The American Academy of Pediatrics (AAP) has changed its recommendations regarding child safety seats last month. The updated recommendations may not have much impact on how some parents secure their children while riding in a vehicle. However, some parents may want to take specific notice of the recommendation to continue the use of rear-facing car seats for as long as possible.
Rear-Facing Car Seats vs. Front-Facing Car Seats
The AAP previously recommended that all children stay in rear-facing car seats until they reached the age of 2 years. In a rear-facing car seat, the child’s head is much better supported during a car crash. When a child is in a front-facing car seat, there is a significant danger that the child’s head could be thrown forward causing neck, head, and spine injuries. However, the rear-facing car seat cradles the child’s neck, spine, and head. In addition, the car seat absorbs most of the force caused by the impact of a collision.
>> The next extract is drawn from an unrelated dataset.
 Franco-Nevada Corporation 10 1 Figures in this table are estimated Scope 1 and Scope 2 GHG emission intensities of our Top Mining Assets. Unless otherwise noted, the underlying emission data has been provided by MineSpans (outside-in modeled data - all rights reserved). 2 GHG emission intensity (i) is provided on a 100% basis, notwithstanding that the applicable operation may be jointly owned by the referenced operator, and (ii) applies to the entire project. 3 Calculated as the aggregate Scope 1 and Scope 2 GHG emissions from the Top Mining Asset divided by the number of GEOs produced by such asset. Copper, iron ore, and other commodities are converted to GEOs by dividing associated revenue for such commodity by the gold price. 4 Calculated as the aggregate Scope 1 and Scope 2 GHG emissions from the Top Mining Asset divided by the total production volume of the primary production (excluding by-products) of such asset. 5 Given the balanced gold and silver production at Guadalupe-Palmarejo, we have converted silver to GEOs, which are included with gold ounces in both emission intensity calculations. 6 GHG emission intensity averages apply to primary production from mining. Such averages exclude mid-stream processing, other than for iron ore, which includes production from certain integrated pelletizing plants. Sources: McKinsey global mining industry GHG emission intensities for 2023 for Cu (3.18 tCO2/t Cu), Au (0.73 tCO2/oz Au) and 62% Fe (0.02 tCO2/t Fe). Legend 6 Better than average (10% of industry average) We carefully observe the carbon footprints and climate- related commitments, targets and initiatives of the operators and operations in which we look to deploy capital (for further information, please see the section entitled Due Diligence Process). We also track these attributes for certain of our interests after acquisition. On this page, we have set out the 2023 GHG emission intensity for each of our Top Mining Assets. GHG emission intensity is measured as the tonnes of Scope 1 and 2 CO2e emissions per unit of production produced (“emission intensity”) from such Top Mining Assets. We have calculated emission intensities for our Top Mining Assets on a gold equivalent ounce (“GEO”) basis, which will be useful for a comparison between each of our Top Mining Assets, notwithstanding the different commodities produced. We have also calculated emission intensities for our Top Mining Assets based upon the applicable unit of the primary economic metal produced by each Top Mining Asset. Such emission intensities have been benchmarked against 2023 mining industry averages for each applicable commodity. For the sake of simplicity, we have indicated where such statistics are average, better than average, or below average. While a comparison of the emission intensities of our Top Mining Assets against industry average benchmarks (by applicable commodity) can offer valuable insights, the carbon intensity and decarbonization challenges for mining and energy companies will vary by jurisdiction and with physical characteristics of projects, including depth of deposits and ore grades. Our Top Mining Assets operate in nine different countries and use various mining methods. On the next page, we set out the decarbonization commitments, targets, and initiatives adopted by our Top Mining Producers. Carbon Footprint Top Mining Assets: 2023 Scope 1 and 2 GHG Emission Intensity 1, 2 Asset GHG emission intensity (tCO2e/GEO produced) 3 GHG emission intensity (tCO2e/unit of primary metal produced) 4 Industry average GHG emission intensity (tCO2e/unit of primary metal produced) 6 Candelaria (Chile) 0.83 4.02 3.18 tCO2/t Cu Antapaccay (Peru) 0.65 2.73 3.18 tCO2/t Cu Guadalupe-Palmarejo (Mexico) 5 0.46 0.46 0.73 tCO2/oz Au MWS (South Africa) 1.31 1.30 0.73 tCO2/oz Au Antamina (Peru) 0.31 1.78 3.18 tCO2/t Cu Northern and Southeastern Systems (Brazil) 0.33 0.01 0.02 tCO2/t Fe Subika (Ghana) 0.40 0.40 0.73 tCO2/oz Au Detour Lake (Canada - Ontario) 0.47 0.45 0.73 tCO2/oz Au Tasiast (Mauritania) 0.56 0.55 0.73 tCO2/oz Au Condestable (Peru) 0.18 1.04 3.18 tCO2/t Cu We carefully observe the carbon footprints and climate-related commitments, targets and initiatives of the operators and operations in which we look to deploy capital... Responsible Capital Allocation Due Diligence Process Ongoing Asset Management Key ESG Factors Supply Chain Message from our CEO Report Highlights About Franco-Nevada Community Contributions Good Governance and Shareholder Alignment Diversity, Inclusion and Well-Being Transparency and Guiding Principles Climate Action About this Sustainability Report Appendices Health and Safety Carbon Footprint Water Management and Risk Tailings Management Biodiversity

The recommendation that a child remains in a rear-facing car seat until he or she reaches the age of two years was based on a study that found lower risks of injury for children in rear-facing car seats. However, the original data was questioned and re-analyzed. The AAP concluded that there was not enough data to determine an age-specific designation for transitioning a child into a front-facing car seat.
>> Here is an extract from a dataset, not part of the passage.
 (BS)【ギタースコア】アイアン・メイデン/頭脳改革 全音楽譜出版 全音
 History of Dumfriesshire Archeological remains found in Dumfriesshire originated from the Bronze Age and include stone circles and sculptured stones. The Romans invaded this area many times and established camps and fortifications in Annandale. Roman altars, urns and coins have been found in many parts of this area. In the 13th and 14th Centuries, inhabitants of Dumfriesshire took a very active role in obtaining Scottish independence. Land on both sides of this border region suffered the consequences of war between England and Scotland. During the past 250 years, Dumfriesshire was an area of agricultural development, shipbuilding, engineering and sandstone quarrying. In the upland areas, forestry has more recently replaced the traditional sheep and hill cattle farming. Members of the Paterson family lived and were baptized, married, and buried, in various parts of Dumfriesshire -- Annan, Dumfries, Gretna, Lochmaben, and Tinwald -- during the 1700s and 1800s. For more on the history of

Therefore, the AAP has updated its original recommendations to remove the age restrictions for rear-facing car seats. It is now recommended that children ride in rear-facing car seats for as long as possible. Because many car seat manufacturers have created car seats that accommodate older toddlers who weigh up to forty pounds, it is possible for many children to continue to use rear-facing car seats after they turn two years old.
Parents should carefully read the manufacturer’s instructions regarding the height and weight limits. Once a child exceeds the height and weight limits for the car seat, a new car seat is required. However, science suggests that keeping your child in a rear-facing car seat until he or she exceeds the maximum weight or height limits for those rear-facing seats is the best way to protect your child during a car accident.
Texas Laws Regarding Car Seats and Child Safety Restraints
Texas seat belt laws require that all drivers and passengers wear a seat belt or use a safety seat when the car is in motion. For children, safety seat laws are based on the height, weight, and age of a child. A child must be secured in a safety seat system until the child reaches the age of eight years or exceeds a height of four feet and nine inches. All children should remain in the back seat of a vehicle until they are 13 years of age.
While there is not a specific law that states a child must be in a rear-facing car seat until a specific age, state regulations do require that you follow all the manufacturer’s instructions for placement of the car seat in the vehicle. With the new AAP recommendations, it appears that the safest position for a child is in a rear-facing car seat until the child exceeds the maximum height and weight limits for a rear-facing seat.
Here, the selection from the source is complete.